Producer's slate includes Yorgos Lanthimos’ first English-language film 'The Lobster' (above)

BYDGOSZCZ, Poland — The European Co-Production Award — Prix Eurimages, which honors an individual working in the vanguard of European movie co-productions, will go to Irish producer Ed Guiney.

The award will be presented during the European Film Awards ceremony in Riga, Latvia on Dec. 13.

Guiney co-founded Element Pictures with Andrew Lowe in 2001. Today, Element has offices in Dublin and London, working across production, distribution, and exhibition.

Element has been involved in the production and distribution of more than 30 feature films.

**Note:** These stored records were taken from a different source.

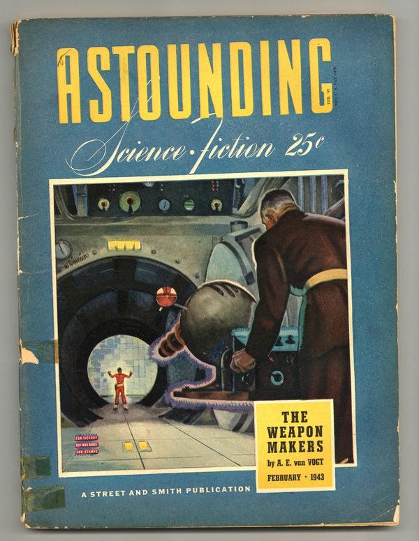 February, 1943. Volume 30, Issue 6. Cover by William Timmins. "The Weapon Makers" Part 1 of 3 by A. E. van Vogt and "Opposites React" Part 2 of 2 by Jack Williamson (as William Stewart). Other science fiction stories by J. Francis McComas (as Webb Marlowe), Henry Kuttner, C. L. Moore (as Lewis Padgett), Henry A. Norton, Malcolm Jameson, Fox B. Holden, & L. Sprague de Camp. Interior artwork by Frank Kramer & Kolliker, Bedsheet format, 8.5-in. x 11.5-in.; black and white; 130 newsprint pages. Cover price $0.25.
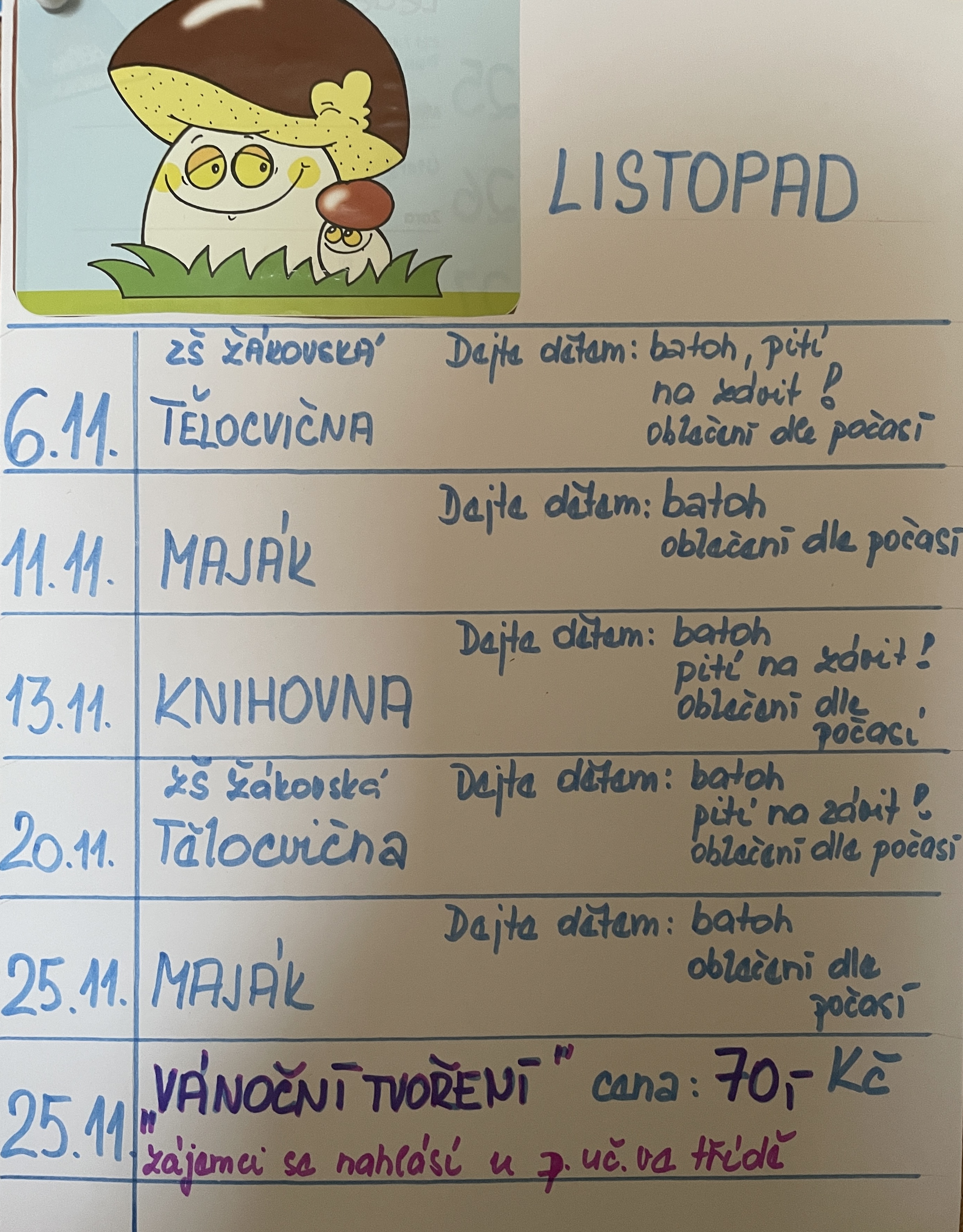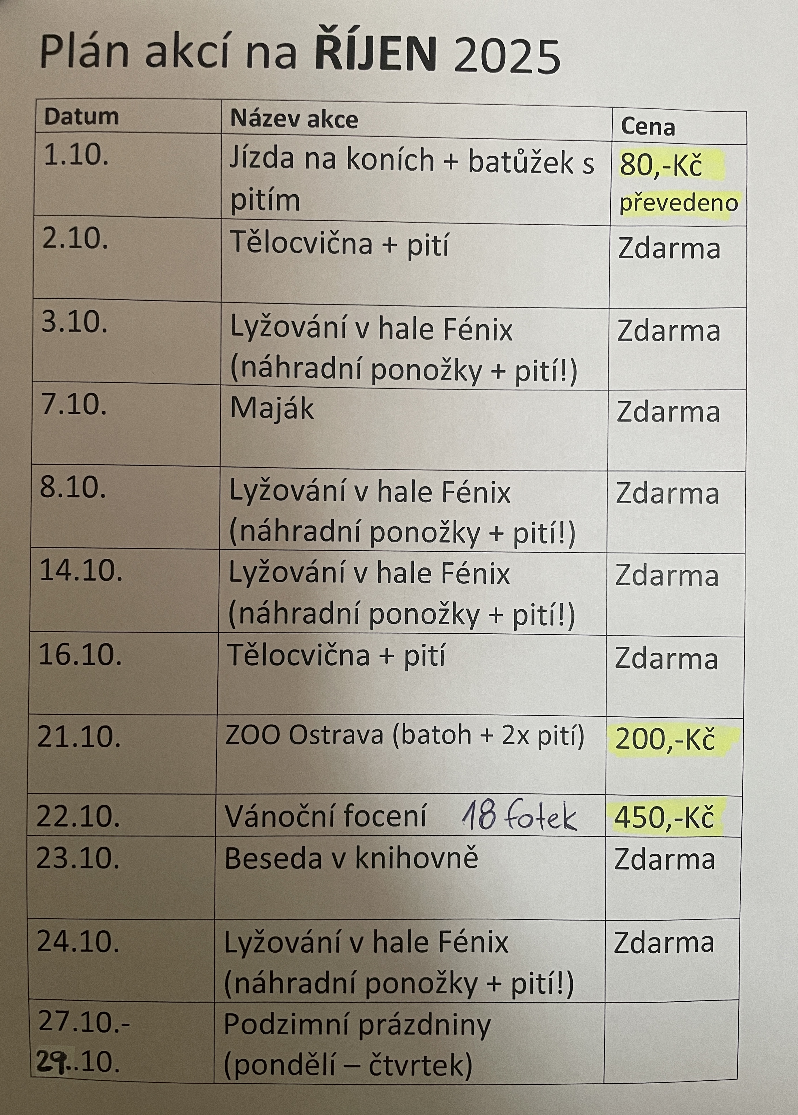 Školné je nutno uhradit vždy do 15. dne v měsíci.
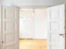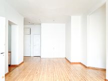 Tässä kodissa on avara pohjaratkaisu ja siistit vaaleat seinät ja lankku lattia tuo vanhaa tunnelmaa. Makuuhuone on ihanan valoisa ja ikkunasta näet rauhalliselle sisäpihalle. Keittiö on kompakti mutta olohuoneen puolella neliöitä onkin sitten senkin edestä, joten sinne saat helposti sohvan lisäksi mahtumaan, vaikka ruokapöydän.
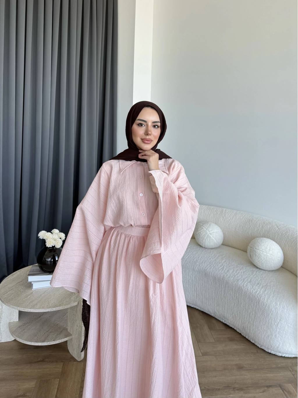 Qu - Yarasa Kol Brode Etekli Takım - Pembe
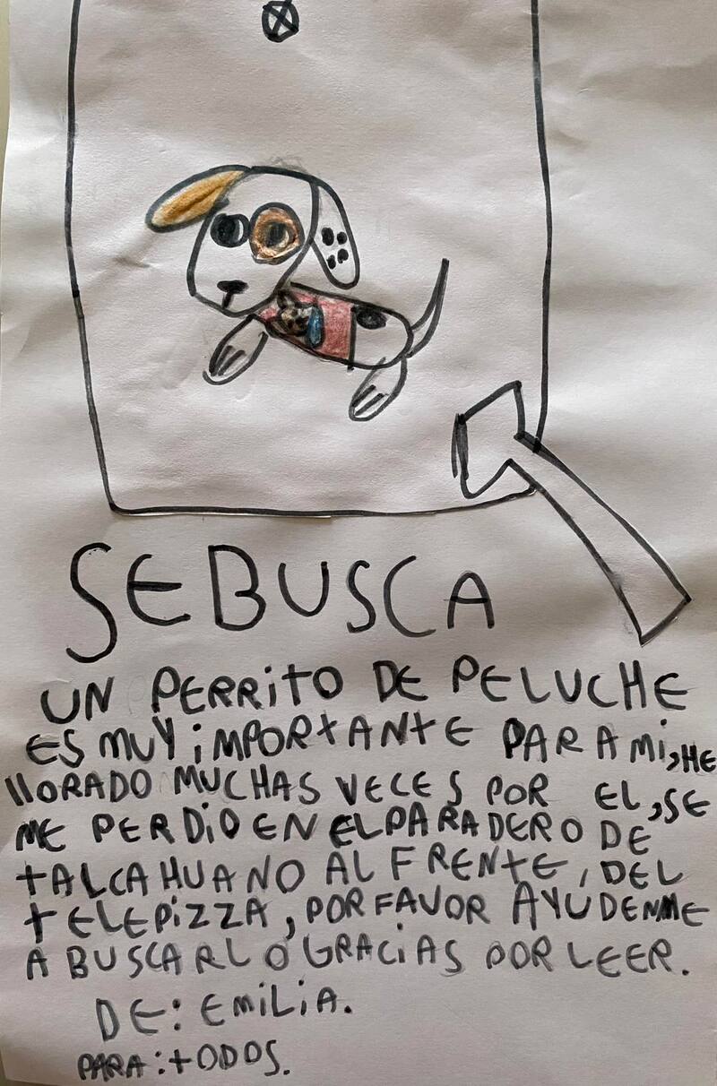 “Se busca un perrito de peluche. Es muy importante para mí, he llorado muchas veces por él, se me perdió en el paradero de Talcahuano, al frente del Telepizza, por favor ayúdenme a buscarlo. Gracias por leer. De Emilia, para todos”, se lee en el cartel que escribió la pequeña.

Current and upcoming Element productions include Yorgos Lanthimos’ first English-language film, “The Lobster,” starting Colin Farrell, Rachel Weisz, John C. Reilly, Lea Seydoux and Ben Whishaw, “Room,” an adaptation of Emma Donoghue’s novel, directed by Lenny Abrahamson and starring Brie Larson, Joan Allen and William H. Macy, Gerard Barrett’s “Glassland,” starring Jack Reynor, Toni Colette and Will Poulter, and Jerzy Skolimowski’s “11 Minutes.”

Recently completed Element productions include Abrahamson’s “Frank,” starting Michael Fassbender, Maggie Gylenhaal and Domhnall Gleeson, which premiered at this year’s Sundance Film Festival; and Ken Loach’s “Jimmy’s Hall,” a co-production with Sixteen Films, which screened in competition at Cannes this year.

Other films include Abrahamson’s “What Richard Did,” starring Jack Reynor, which opened at the 2012 Toronto Film Festival, James Marsh’s “Shadow Dancer,” starring Clive Owen and Andrea Riseborough, Paolo Sorrentino’s “This Must Be The Place,” starring Sean Penn and Frances McDormand, and John Michael McDonagh’s “The Guard,” starring Brendan Gleeson and Don Cheadle, which is the most successful independent Irish film of all time.

Other credits include Ken Loach’s “The Wind That Shakes the Barley,” starring Cillian Murphy, which won the Palme d’Or at the 2006 Cannes Film Festival, and Peter Mullan’s “The Magdalene Sisters,” which won the Golden Lion at Venice in 2001.